2.2.3. Metode Identifikasi Protein

Identifikasi protein dapat dilakukan secara kualitatif maupun kuantitatif. Secara kualitatif, yaitu melalui reaksi xantoprotein, Hopkins-Cole, reaksi Millon, reaksi natriunnitroprusida, dan reaksi Sakaguchi. Sedangkan secara kuantitatif, yaitu metode Kjeldahl, metode titrasi formol, metode Lowry, metode biuret dan metode spetofotometer UV Apriyanto, 1989. Pada penelitian ini metode yang digunakan dalam mengidentifikasi protein adalah metode Lowry. Metode lowry dikembangkan pada tahun 1951 dengan menggunakan reagen pendetektor Folin-Ciocalteu. Reagen ini biasa digunakan untuk mendeteksi gugus-gugus fenolik. Dalam analisa protein dengan menggunakan reagen Folin- Ciocalteu dapat mendeteksi residu tirosin yang mengandung gugus fenolik melalui reaksi reduksi oksidasi dimana gugus fenolik tirosin akan mereduksi gugus fosfotungstat dan fosfomolibdat yang terdapat pada reagen tersebut menjadi tungsten dan molibden yang berwarna biru.
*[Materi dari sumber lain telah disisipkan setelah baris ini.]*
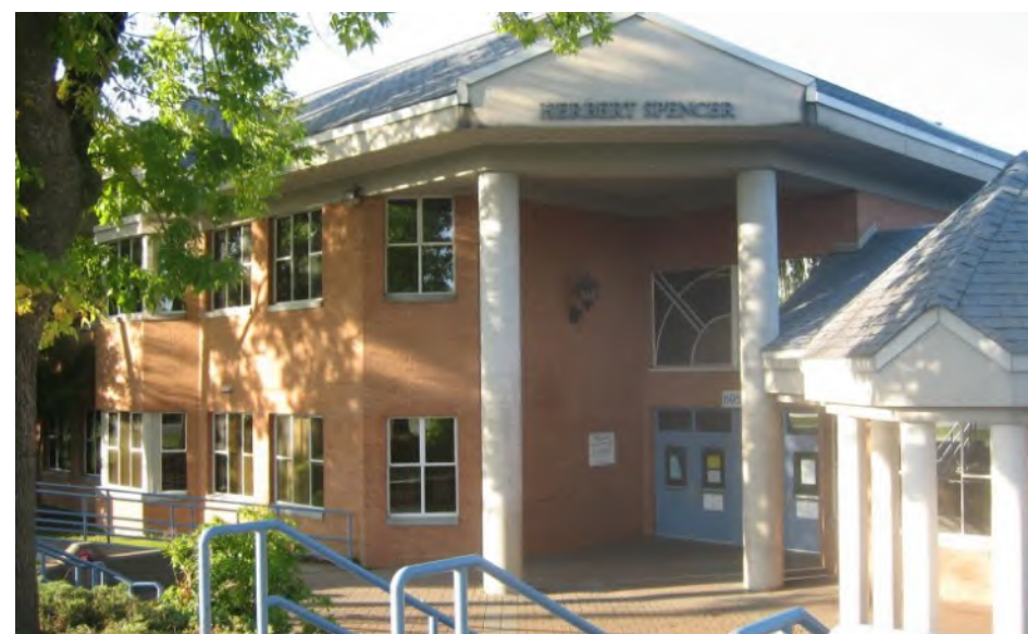
Ecole Herbert Spencer Elementary School
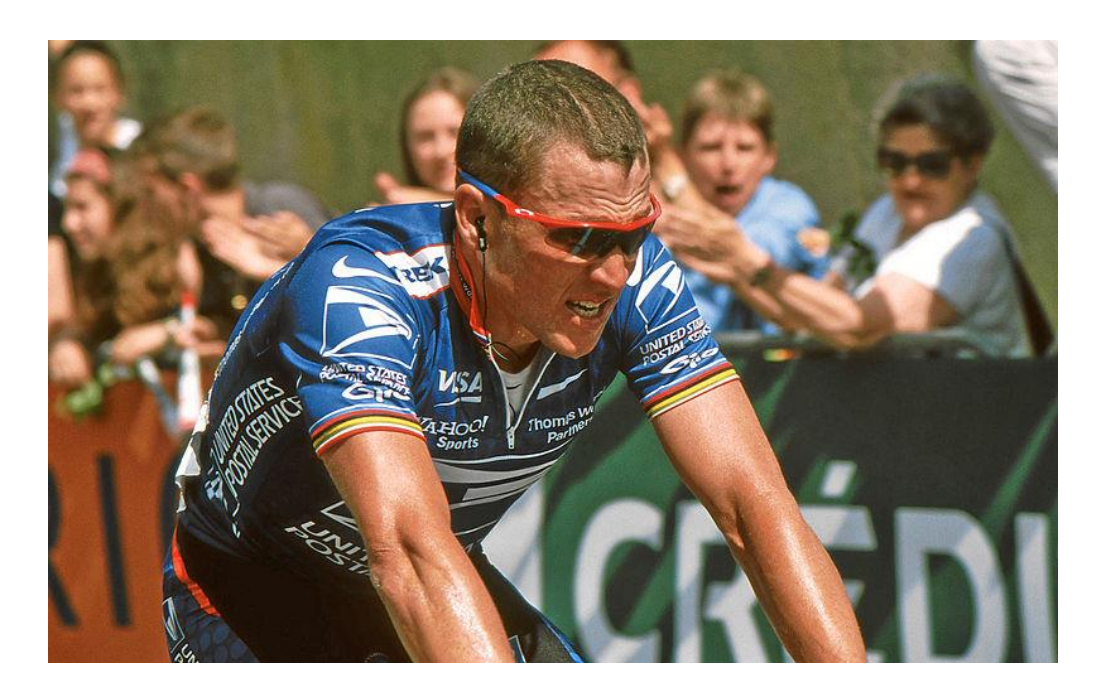
Figure 8.5 Group-serving bias amongst fans

Note : When an athlete — such as Lance Armstrong, pictured here — has been found guilty of illegal or illegitimate sporting behaviour, their supporters will often display group-serving bias in their explanations of the infringement. For example, they may downplay the significance of the behaviour (i.e., attributing it to non-dispositional factors) and/or suggest that it was more a consequence of the environment (i.e., attributing it to situational factors). They will also often display the same reason, belief, and marker asymmetries as the athlete themselves.
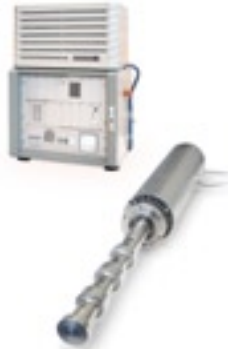
ultrasonic industry processors
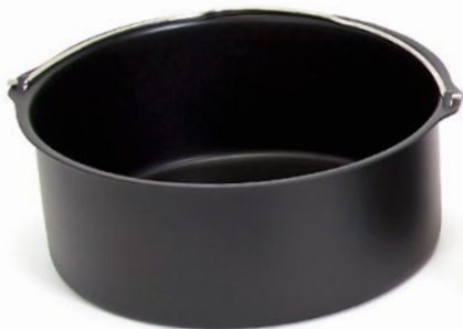
Deep Dish Baking Pan
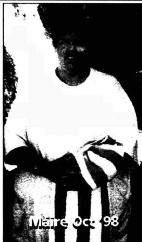
Maire Oct '98
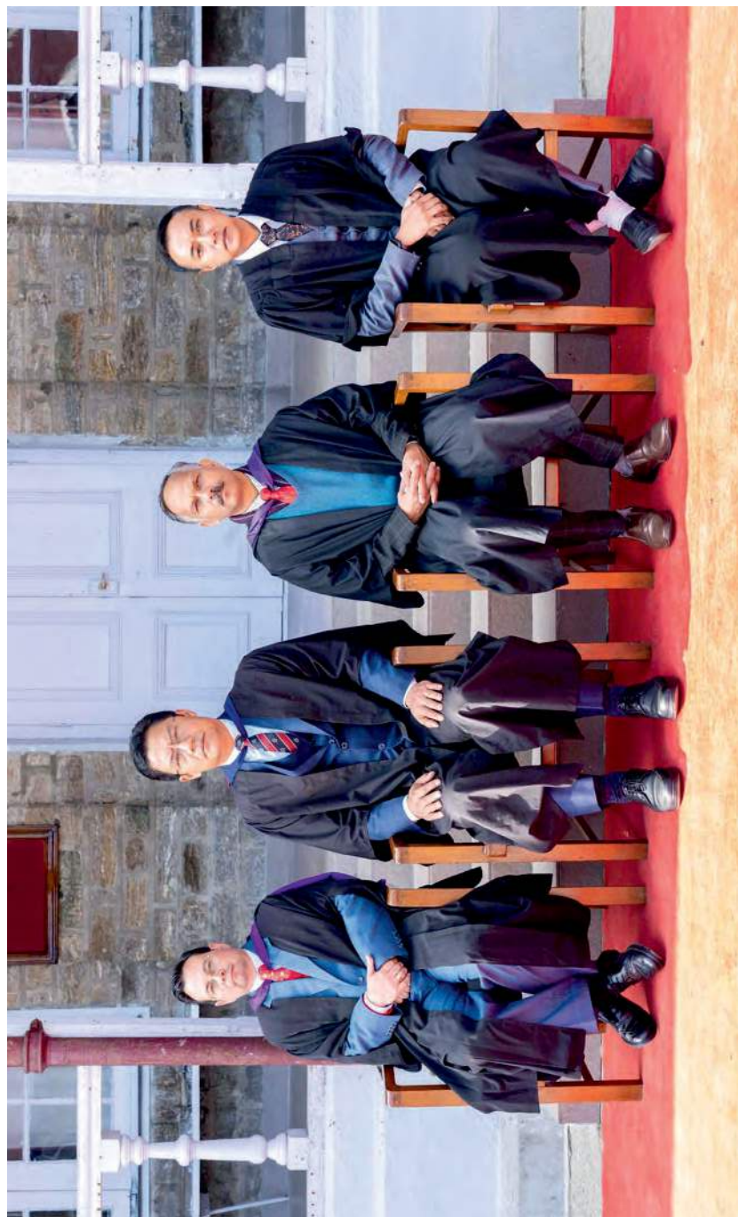
The Chronicle Team
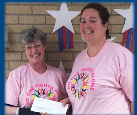
New Lisbon High School's volleyball team raised funds to support 3D mammography
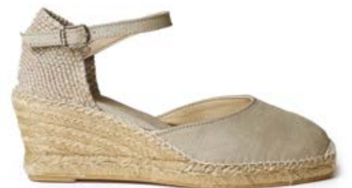
CALDES STONE $149

Intensitas warna kompleks sebanding dengan kandungan protein dalam sampel yang dianalisa Apriyanto et al., 1989. Hasil reduksi ini dapat dianalisa lebih lanjut dengan melihat puncak absorbsi yang lebar pada daerah panjang gelombang sinar tampak 600-800 nm. Sensitifitas metode ini mengalami perbaikan yang cukup signifikan apabila digabung dengan metode biuret atau penambahan ion Cu, dimana kompleks Cu-protein yang dihasilkan reagen biuret akan menyebabkan reduksi fosfotungstat dan fosfomolibdat dalam reagen Folin-Ciocalteu, sementara residu- residu tirosin dan triptofan mereduksi sisanya. Dalam analisa kadar protein dengan metode Lowry, diperlukan protein standar pembanding misalnya BSA Bouvine Serum Albumin yang memiliki 14 rentang konsentrasi tertentu dimana konsentrasi sampel protein berada didalam rentang tersebut Hermanto, 2008.